Майор быстро спросил:

— Как говорите? Они смотрели?

— Ну, понимаете, пришли двое и сразу под брезент. Мы с Витей их и шуганули. Сами посудите, вы — милиция, вы —пожалуйста, проверяйте, это ваша работа, так ведь? А они — откуда мы их знаем? Суют какие-то бумажки, какие-то корочки, — один, мол, архитектор, другой — не знаю кто. Мы и поехали.

— Ой, Господи, — неожиданно подала голос Варенька, головка которой светилась из-за приспущенного стекла. — И чего он эти доски натаскал, мой-то? На чердаке лежали — плохо; продала — тоже негоже! Пропади они пропадом!

— Езжайте! Извините, товарищи! — отчеканил майор. Он повернулся к своим и, настолько переполненный злостью, что не счел нужным отойти от машины хоть на несколько шагов, начал отводить душу:

— Работнички, черт бы их подрал! Где у них глаза были!

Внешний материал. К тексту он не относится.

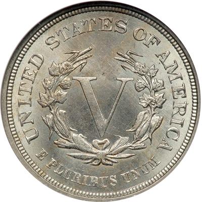 1883 Liberty Nickel. Without "CENTS". NGC graded MS-66. Nice even toning atop sleek frosty luster from top to bottom. Eye-catching beauty in a No CENTS Liberty nickel.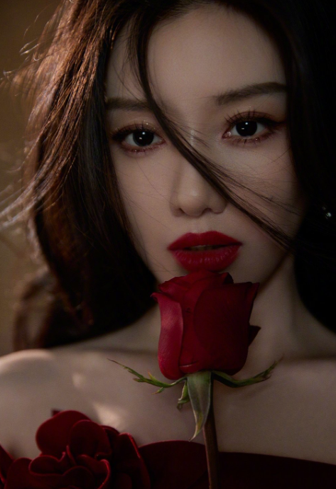 王鹤润复古红裙,红丝绒邂逅大波浪,一眼沦陷的复古浪漫~

Серьезное дело, серьезное дело!

Это он кого-то передразнил. Милицейские были уже на некотором отдалении, но Никольский смог услышать, что майор, продолжая пародировать чужую интонацию, закончил: «Ценности прячут! Валютчики! Иностранцы! — Помешались они на валютчиках…»

Слова эти Никольский запомнил.

Отпуская шуточки, хохоча то и дело, не заметили, как были уже в Москве. Шумно вошли в Прибежище и, перебивая друг друга, тут же принялись в лицах изображать разыгравшуюся на дороге сцену.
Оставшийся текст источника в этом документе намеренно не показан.